After the US ambassador to the UN announced today she is resigning her post, Israel’s prime minister expressed gratitude for her commitment to “truth and justice.”

By: AP and United with Israel Staff

U.N. Ambassador Nikki Haley is resigning, she and President Donald Trump announced Tuesday, just weeks before the November midterm elections.

“I have given everything I’ve got these last eight years,” she said, referring to her six years as South Carolina governor as well as her time at the U.N. “And I do think it’s good to rotate in other people who can put that same energy and power into it.”

During her time at the anti-Israel leaning international body, Haley has remained a staunch supporter of the Jewish state and an ally to Israeli Prime Minister Benjamin Netanyahu.

In response to the news of Haley’s resignation, Netanyahu issued a statement expressing gratitude for her service and the positions she staked out.

“I thank Ambassador Nikki Haley for leading an uncompromising struggle against the hypocrisy at the UN and on behalf of the truth and justice of our country. Best of luck,” said the prime minister in a statement.

Just last month, Haley commented on the Trump administration’s decision to shutter the Palestinians’ Washington headquarters, “All they’ve done is have their hand out asking for money, [and] badmouth[ing]” the US.

She made the comments during an interview with Fox News, wondering, “[The Palestinians have] not come to the table on the peace deal — why would we have a PLO office? Why would we continue to fund the Palestinians?”

Hard Work on Tough Issues

After the announcement on Tuesday, Trump recounted Haley’s work on tough issues, such as Iran and North Korea. Trump said Haley first discussed leaving the administration with him six months ago.

Haley, 46, was appointed to the U.N. post in November 2016 and last month coordinated Trump’s second trip to the United Nations, including his first time chairing the Security Council.

A rookie to international politics, the former South Carolina governor was an unusual pick for to be U.N. envoy. At the U.N., she helped spearhead the administration’s efforts to combat anti-American and anti-Israel actions by the international body, and to address U.S. tension with its European allies and with Iran and North Korea.

“It was a blessing to go into the U.N. every day with body armor,” Haley said, saying her job was to defend America on the world stage.

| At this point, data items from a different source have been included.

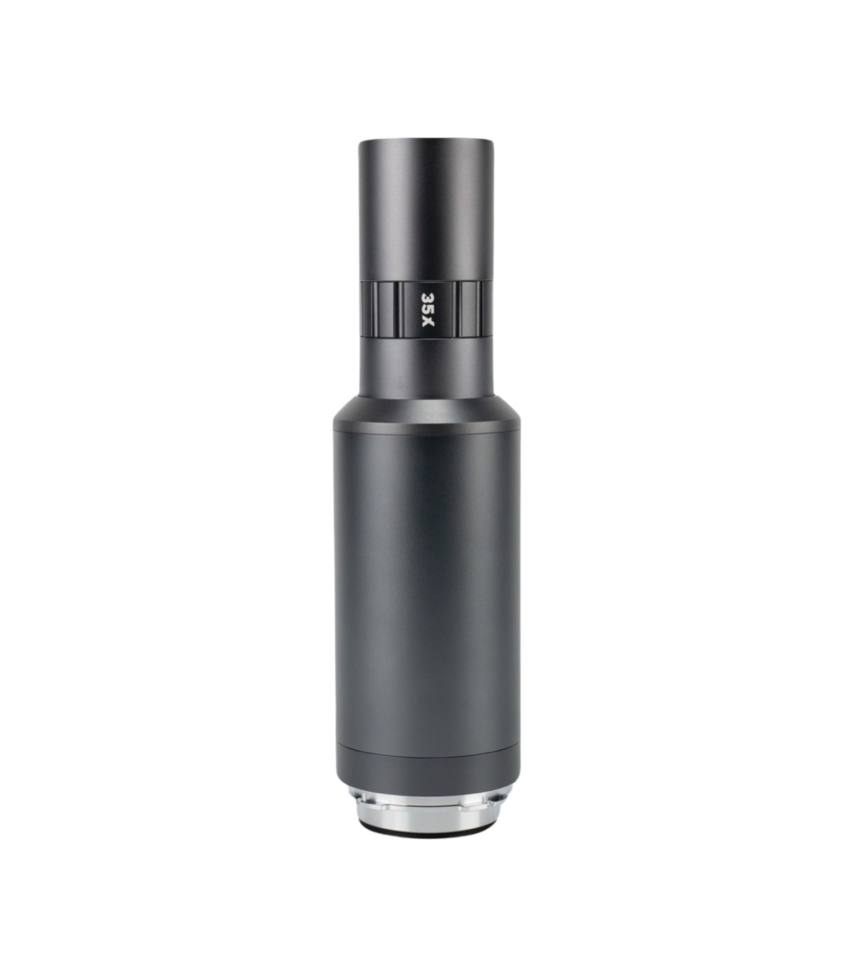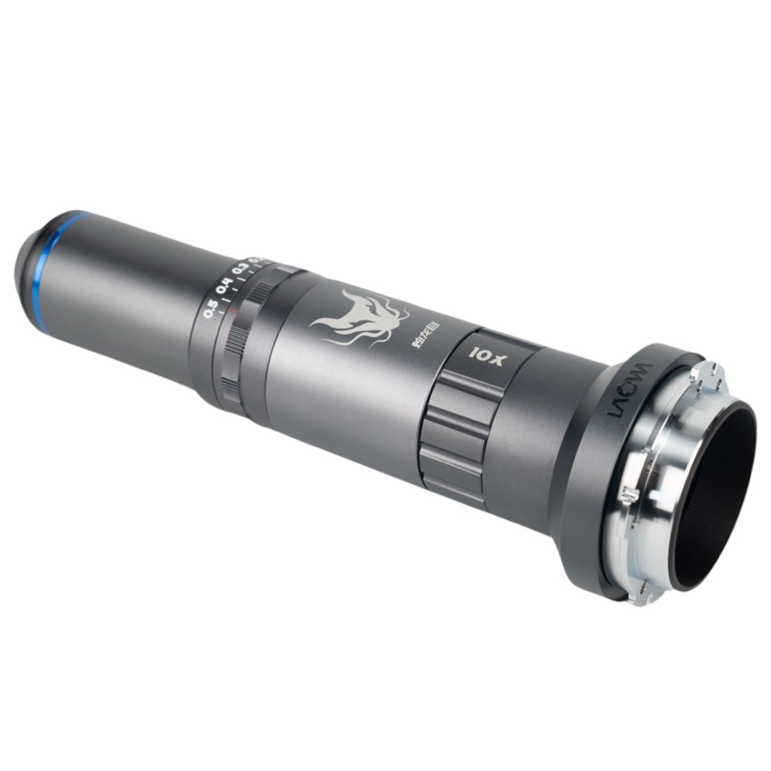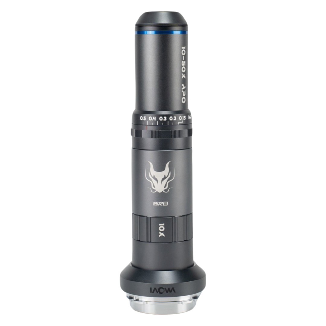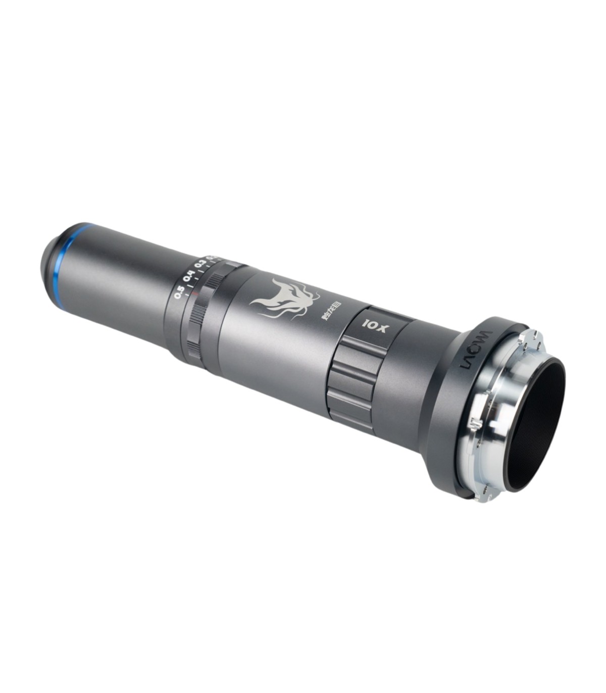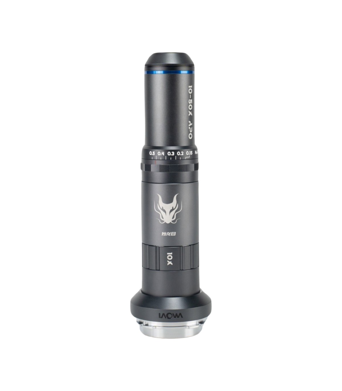 Óptica cámara para cine. Laowa Aurogon 20mm Full Frame 10/20/30/50x supermicro con montura PL de Arri; incluye maleta. La Aurogón es una óptica APO supermicroscópica con un juego de extensiones de 10, 20, 30 y 50 aumentos para el mercado de sensor Full Frame. Distancia de trabajo 20mm para tomas microscópicas, lo que brinda más oportunidades para ver en movimiento la antena de una hormiga o los ojos de una araña.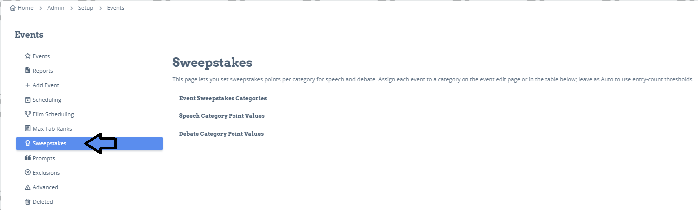 Under Setup-Events, you'll find a tab labeled Sweepstakes. This is where you will set up your sweepstakes for the tournament.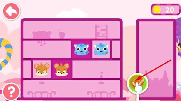 2、當架子上出現相同的萌物時,點擊界面下方的綠色牌,如正確分配房間就會獲得金幣,積累游戲內的資源。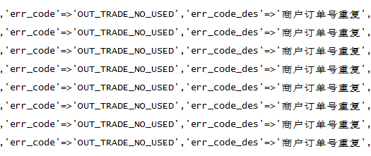 今天新版本上线,但微信支付一直返回fail。查看微信返回信息'err_code'=>'OUT_TRADE_NO_USED','err_code_des'=>'商户订单号重复
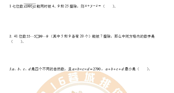 2016年成都第一届蓉城小升初排位赛是六年级学生的大型综合水平评定考试,公平、公正、公开全面评估和记录学生的学习成长历程。我要全五星! 学习,就要这么任性!蓉排赛报名已经开始,蓉城排位赛题型参考历届小升初考试以及国奥赛考试内容及其重点,为了帮助大家备战蓉排赛,从今日开始,每日更新 三道小升初难度的题目,每日复习一个知识点!备战小升初,从点滴做起!加油!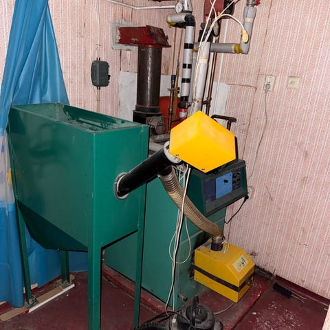 Pelletspanna med pelletsbrännare och förråd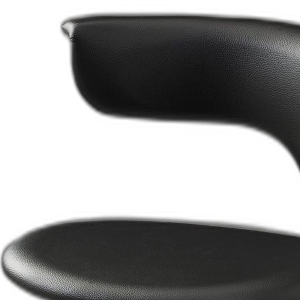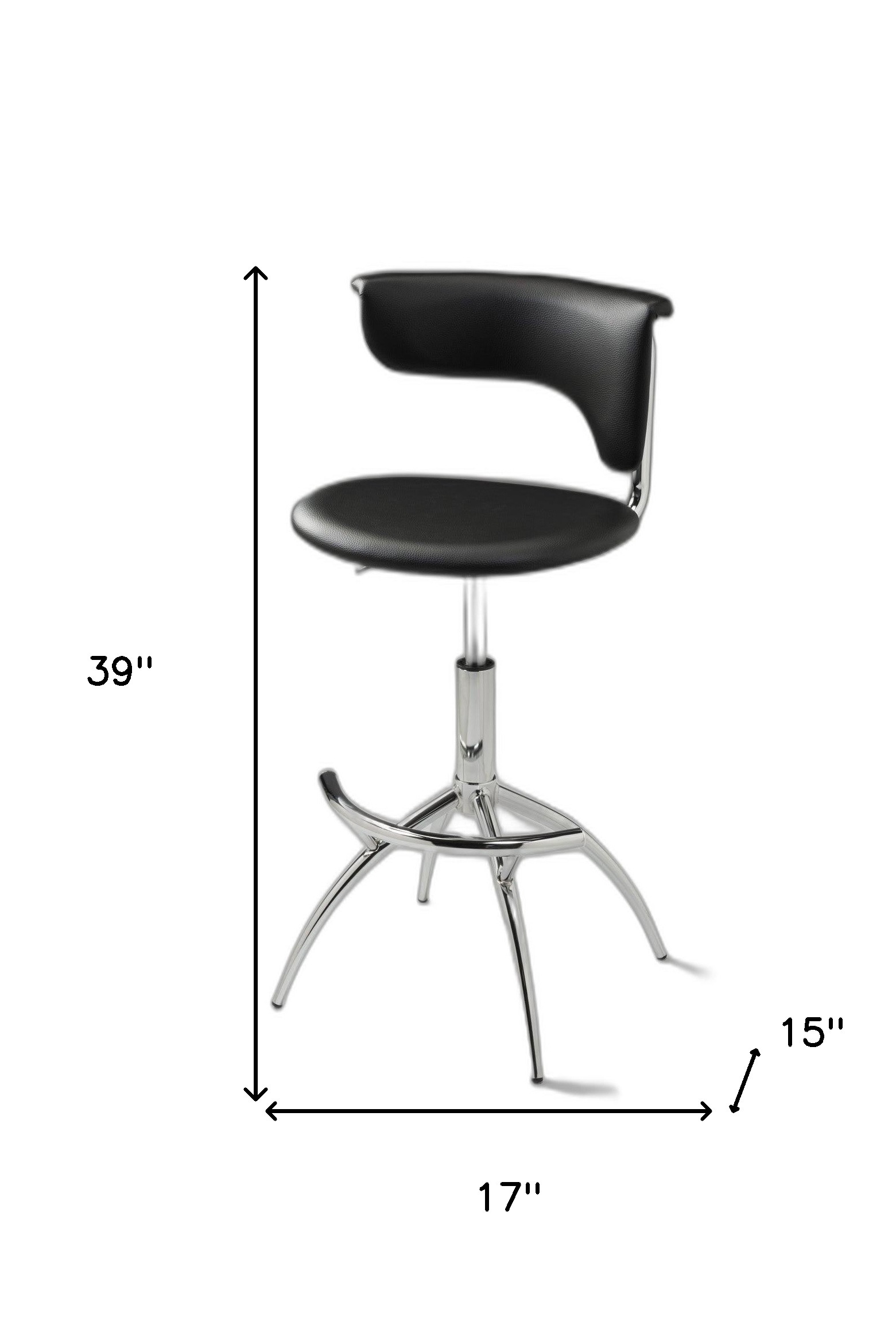 Comfortable enough to sit in for awhile, this set of two black and silver metal and faux leather low back adjustable height bar chairs will transcend the look of your room. A silver metal frame is finished off with a black faux leather seat that is the epitome of quality construction and design. Designed with a footrest for comfort and convenience. Not only good looking and stylish, this chair features a rectangle shaped seat and a low back for the ultimate in comfort and enjoyment. 39-inch h x 15-inch w x 17-inch d.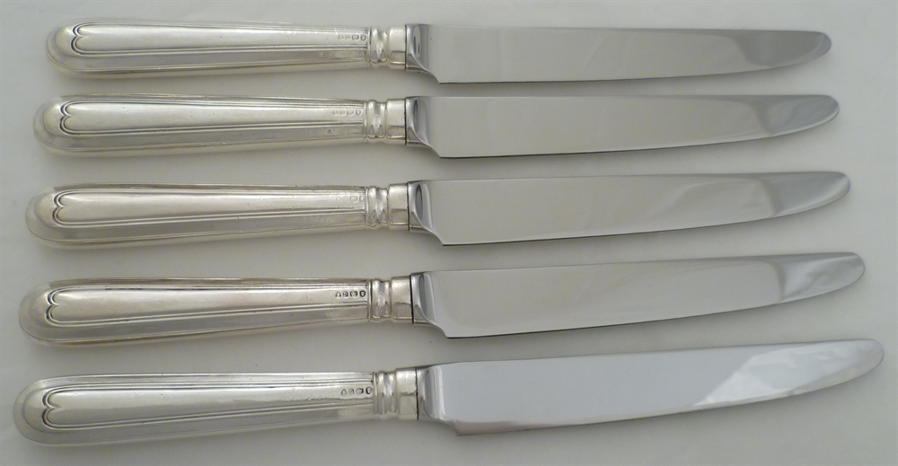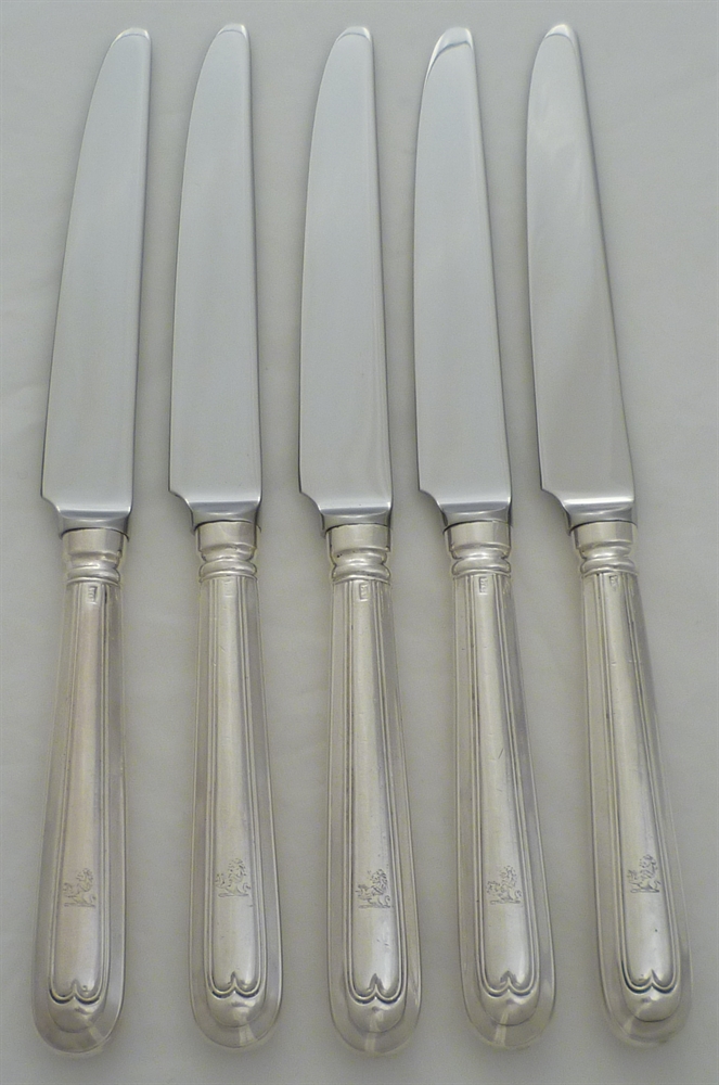 DESCRIPTION | Superb set of five Georgian silver Old English & Thread pattern table knives with a crest engraving to one side and good, clear hallmarks throughout. I have just fitted new mirror finished taper edged stainless steel blades. Traditional pitch loading to the handles so should not be cleaned in a dishwasher. |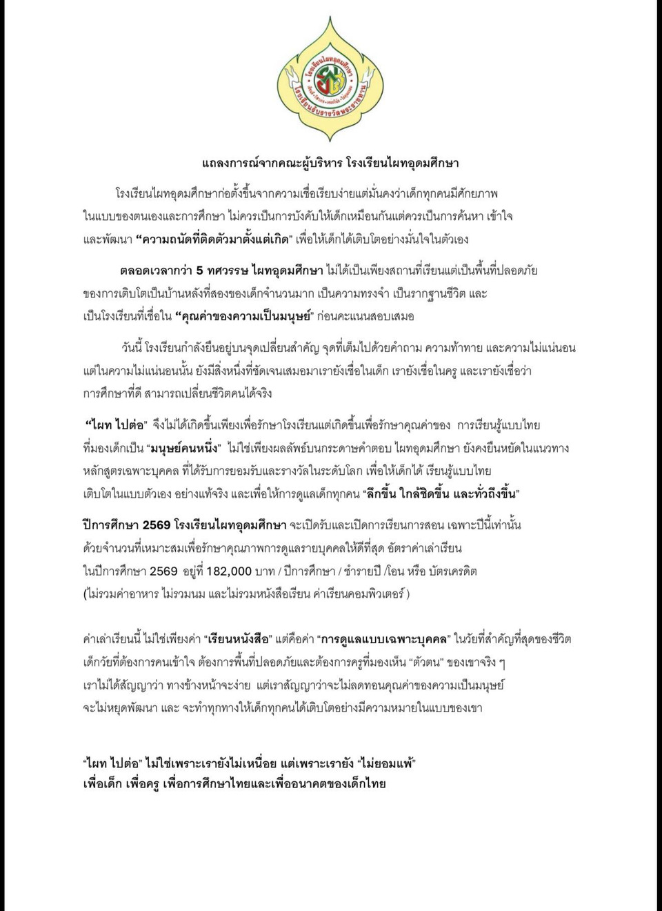 ล่าสุดวันนี้ (7 ม.ค.69) เพจ “Patai Udom Suksa School” โพสต์แถลงการณ์จากคณะผู้บริหารของโรงเรียน ระบุว่า โรงเรียนไผทอุดมศึกษาก่อตั้งขึ้นจากความเชื่อเรียบง่าย แต่มั่นคงว่าเด็กทุกคนมีศักยภาพในแบบของตนเองและการศึกษาไม่ควรเป็นการบังคับให้เด็กเหมือนกัน แต่ควรเป็นการค้นหา เข้าใจ และพัฒนา “ความถนัดที่ติดตัวมาตั้งแต่เกิด” เพื่อให้เด็กได้เติบโตอย่างมั่นใจในตัวเอง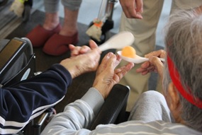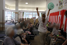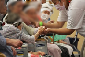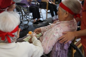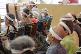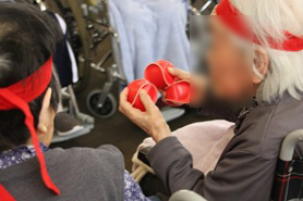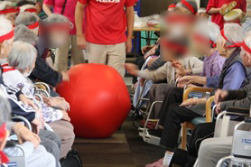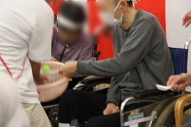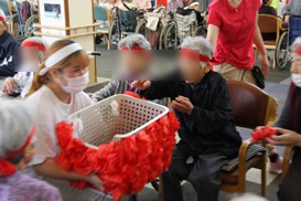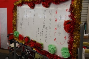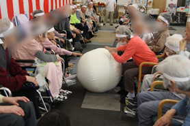 施設周辺の田んぼでは、稲刈りも終わりいよいよ秋本番の気候となりました。 虹の園では、10月12日(日)に、施設内において運動会を行いました。利用者の皆さんは、赤組と白組に分かれて、各自がハチマキを締め、赤組と白組の代表選手による選手宣誓が行われ競技が開始されました。行われた競技は、『スプーンリレー』『大玉送り』『玉入れ』『スリッパ飛ばし』の4種目です。 競技を通して、利用者の皆様の真剣さと熱量を感じ、競技終了後勝敗が決した時の歓喜のバンザイは喜びの笑顔に溢れ、とてもよい運動会となりました。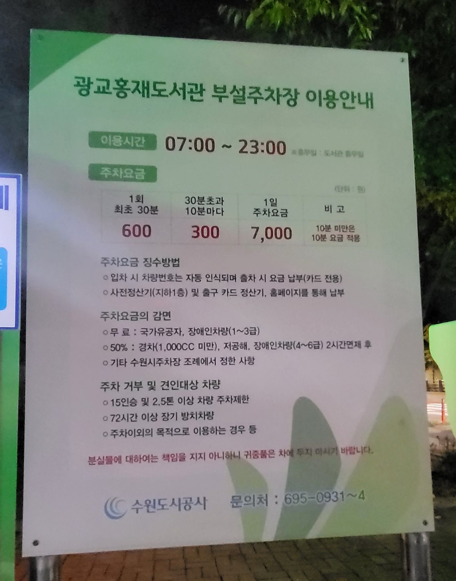 광교역 근처에 위치한 광교 홍재도서관 주차 공간 및 요금에 대해 알아봅시다

Trump said he was considering many candidates for Haley’s job and that a successor would be named in two to three weeks — or maybe sooner.

Policy, Principles, and Pride

Last month Haley wrote an op-ed article in The Washington Post discussing her policy disagreements but also her pride in working for Trump. It came in response to an anonymous essay in The New York Times by a senior administration official that alleged there to be a secret “resistance” effort from the right in Trump’s administration.

“I proudly serve in this administration, and I enthusiastically support most of its decisions and the direction it is taking the country,” Haley wrote. “But I don’t agree with the president on everything.”

The daughter of Indian immigrants, Haley developed a national reputation as a racial conciliator who led the charge to bring down the Confederate flag at the Statehouse and helped guide the state through one of its darkest moments, the massacre at a black church.

South Carolina Republican Sen. Lindsey Graham, a close Trump ally tweeted that Haley “has a very bright future and will be a key player in both the future of the Republican Party and our nation as a whole for years to come.”